# BSC - Je l' se koristi



## qwqwqw

Hello,

					"Hvala puno, mislim da je lamela reč koja mi je nedostajala.  Je *l'* se koristi i za čelične konstrukcije?"

What does* l' *stand for here in this sentence?  Thank you for any help.


----------



## qwqwqw

It stands for *li*, "je li se koristi."  OK.


----------



## glupson

qwqwqw said:


> Hello,
> 
> "Hvala puno, mislim da je lamela reč koja mi je nedostajala.  Je *l'* se koristi i za čelične konstrukcije?"
> 
> What does* l' *stand for here in this sentence?  Thank you for any help.



Serbians would say "*Da li *se koristi i za čelične konstrukcije?" (reč = ekavian = Serb)
Croatians would say "Koristi li se i za čelične konstrukcije?" (inversion)


----------



## qwqwqw

Hvala puno na pojasnjenja.


----------



## qwqwqw

... na poja*š*njenja.


----------



## Милан

We (Serbs) would also say _Koristi li se_, it's not just Croatian thing. However, _Da li_ is more frequent. And, I would never say _Je li se koristi, _it sounds strange in this sentence.

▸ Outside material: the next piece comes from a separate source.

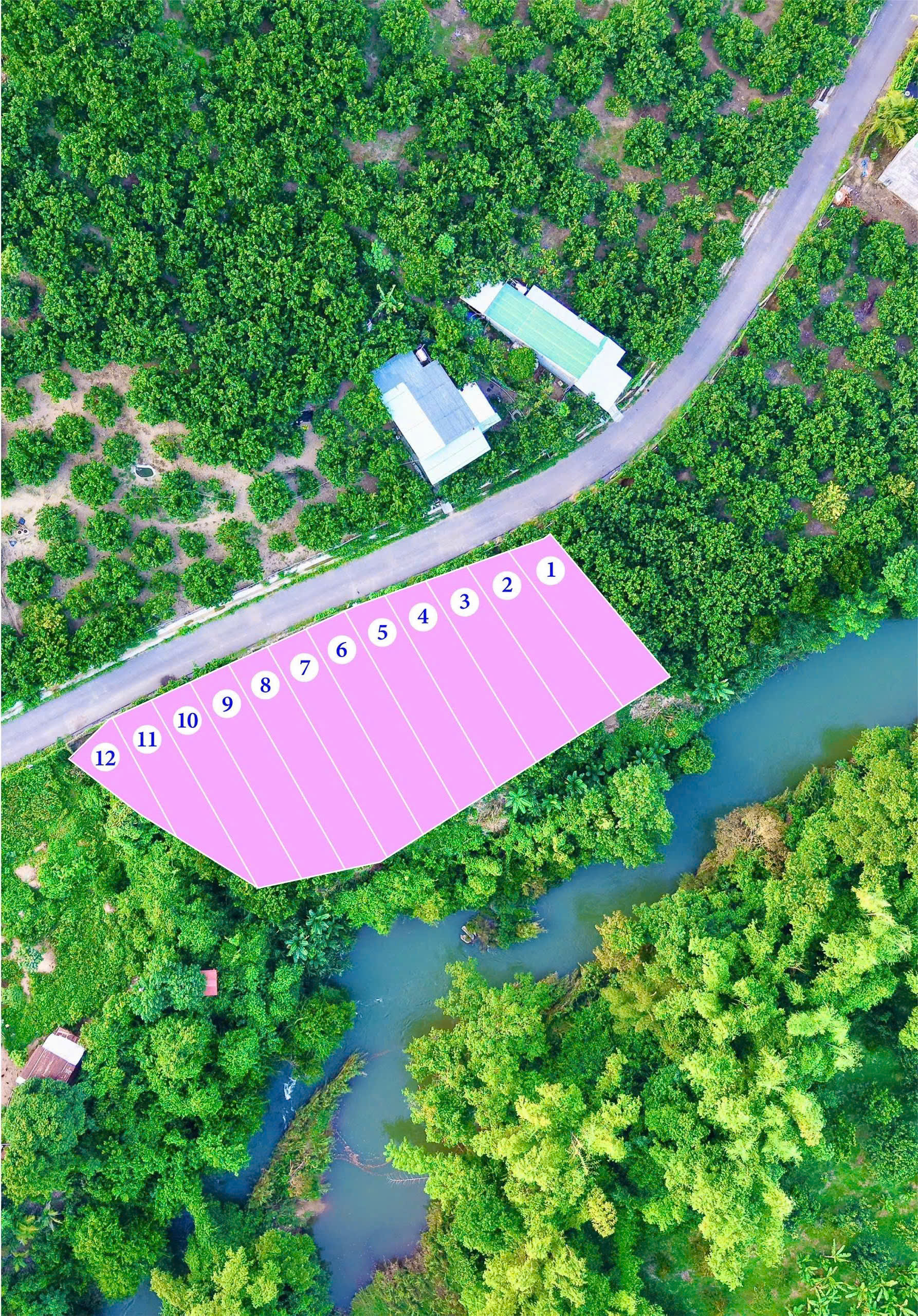 • Thiên nhiên trong lành: Trên đất có sẵn cây ăn trái, mang lại không gian xanh mát. Đặc biệt, mặt sau lô đất giáp sông, tạo nên view cảnh quan tuyệt đẹp, không khí thoáng đãng và mát mẻ quanh năm.

na pojašnjenjima or za pojašnjenja


----------



## qwqwqw

Hvala.....


----------



## qwqwqw

Милан said:


> We (Serbs) would also say _Koristi li se_, it's not just *a *Croatian thing. However, _Da li_ is more frequent. And, I would never say _Je li se koristi, _it sounds strange in this sentence./QUOTE]
> 
> Pomagati malo.


----------



## qwqwqw

Милан said:


> na pojašnjenjima, za pojašnjenja



Obadvije riječi su u množini, zar ne?


----------



## Милан

Da, u jednini bi bilo _na pojašnjenju _ili _za pojašnjenje_.


----------